Ha: The data are not independently distributed; they exhibit serial correlation.

In our case, p-value is significant therefore we reject the null hypothesis and say that there are no correlations.

## To check your model

In [None]:
df['forecast'] = results.predict(start = 102, end= 120, dynamic= True)  
df[['average_monthly_ridership', 'forecast']].plot(figsize=(12, 8))
plt.show()

Note that the values are still log transformed.

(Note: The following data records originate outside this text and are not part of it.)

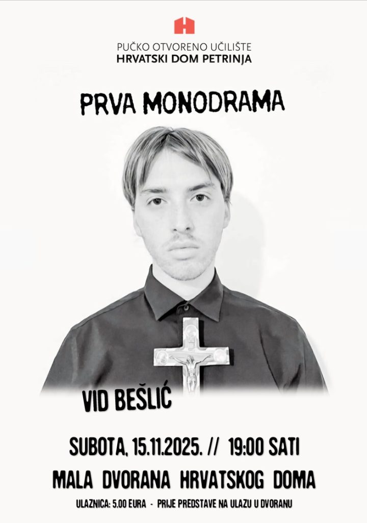 POU Hrvatski dom Petrinja Vas poziva na kazališnu predstavu Vid Bešlić – “Prva monodrama” Subota, 15.11.2025. u 19:00 sati Mala dvorana Hrvatskog doma Cijena ulaznice: 5,00 EURA Prodaja ulaznica prije predstave na ulazu u dvoranu
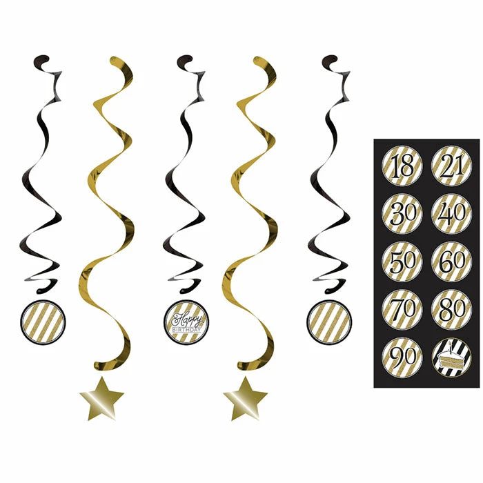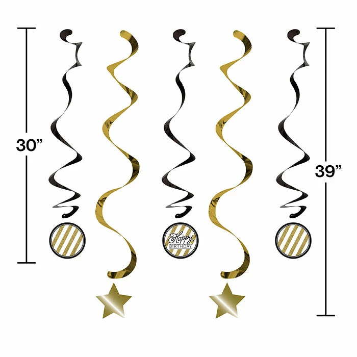 Details: Make the birthday bash the talk of the town with these Black & Gold Dizzy Danglers. Celebrate the big day by decorating the party location with these assorted hanging decorations. This party decoration contains 3 black 30″ danglers and 2 gold 39″ danglers with star cutouts and includes stickers!. With discount pricing, our Black and Gold Dizzy Danglers are perfect for event planners, caterers, and home hostesses alike. For this price, you get one package containing (5) Black And Gold Dizzy Danglers. Approximate Dimensions: 39 in
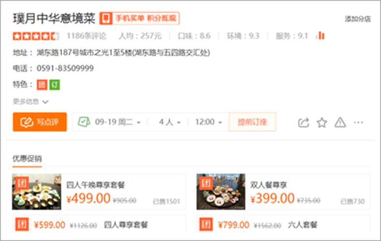 其中璞月中华意境菜,原价905元的四人尊享套餐,团购价499元;双人尊享套餐原价735元,团购399元。
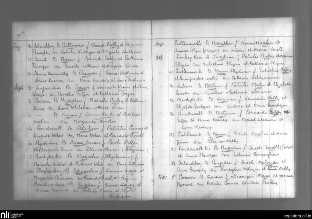 St. Mary's, Athlone; County of Westmeath; Diocese of Ardagh. Baptisms, Aug. 1856 to Nov. 1856
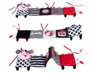 Knjigica je izdelana iz prijetnega, mehkega materiala, ki je varen za dojenčke. Kontrastne barve, kot so črna, rdeča in bela, spodbujajo razvoj vida, medtem ko raztegljiva oblika (harmonika) omogoča enostavno odpiranje in igranje.

## To generate future forecasts

In [None]:
def forcasting_future_months(df, no_of_months):
    df_predict = df.reset_index()
    mon = df_predict['month']
    mon = mon + pd.DateOffset(months = no_of_months)
    future_dates = mon[-no_of_months -1:]
    df_predict = df_predict.set_index('month')
    future = pd.DataFrame(index=future_dates, columns= df_predict.columns)
    df_predict = pd.concat([df_predict, future])
    df_predict['forecast'] = results.predict(start = 114, end = 125, dynamic= True)  
    df_predict[['average_monthly_ridership', 'forecast']].iloc[-no_of_months - 12:].plot(figsize=(12, 8))
    plt.show()
    return df_predict[-no_of_months:]

In [None]:
predicted = forcasting_future_months(df,10)

Converting values back to normal by taking exponential

In [None]:
df = df.apply(np.exp)
forecast = predicted.apply(np.exp)
final = df.append(forecast)
final[['average_monthly_ridership', 'forecast']].plot(figsize=(12, 8))

Hurray! You have made it to THE END.